The chip giant’s 10-for-1 stock split, which will start trading on Monday, follows significant price growth, with shares up 212% in the past year. That massive rally pushed Nvidia into the $3 trillion club alongside Apple (AAPL) and Microsoft (MSFT), becoming just the third U.S. company ever to reach that milestone.
“A stock split is a vote of confidence from management that the stock will hold its value, as the stock [price] typically increases,” S&P Dow Jones Indices senior analyst Howard Silverblatt says.
Winthrop Capital chief investment officer Adam Coons expects the split to boost retail investor interest, but cautions that an influx of retail traders could trigger volatility for the stock.
“They can be a little bit more quick and emotional with their buying and selling decisions, so that can lead to heightened volatility as you start to dilute the institutional buyers,” Coons told Yahoo Finance.
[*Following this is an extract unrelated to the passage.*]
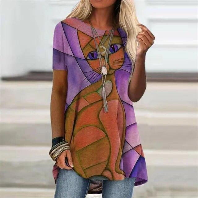 Новая женская футболка с 3D принтом, одежда для девочек с котами, летняя блузка большого размера с короткими рукавами, женская винтажная уличная одежда, 2023, повседневные топы XXL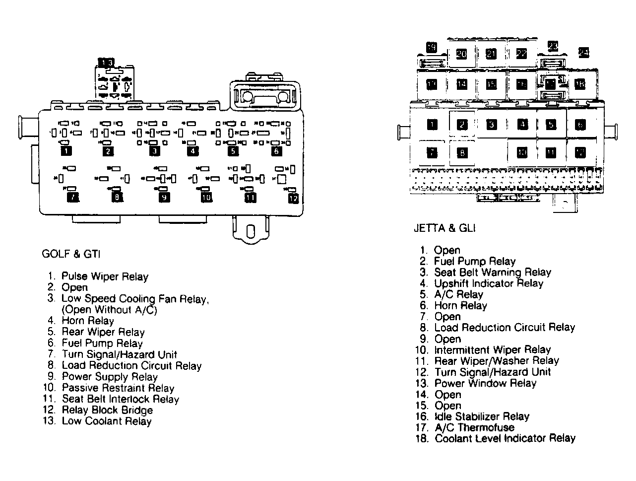 | Fuse Panel (Golf & GTI) | Under dash, near right side of steering column. |

Evercore ISI’s Julian Emanuel sees increased volatility as an opportunity to buy Nvidia — a stock he views as a “generational opportunity” and this era’s “marquee” technology stock.
“While high profile splits have often fueled stock volatility — speculative buying and profit taking around the event — Thinning the trees within the forest post-split catalyzes the Buying Opportunity for the patient investor,” Emanuel wrote in a client note.
Historically, stock splits are typically bullish for the companies that enact them, with average returns one year later of 25% versus about 12% for the broad market, according to analysis from Bank of America.
Nvidia’s skyrocketing gains have driven the broader market to record highs. Its rally accounted for about a third of the S&P 500’s return since the start of the year, and more than a quarter of the S&P 500’s return in the month of May, according to Silverblatt.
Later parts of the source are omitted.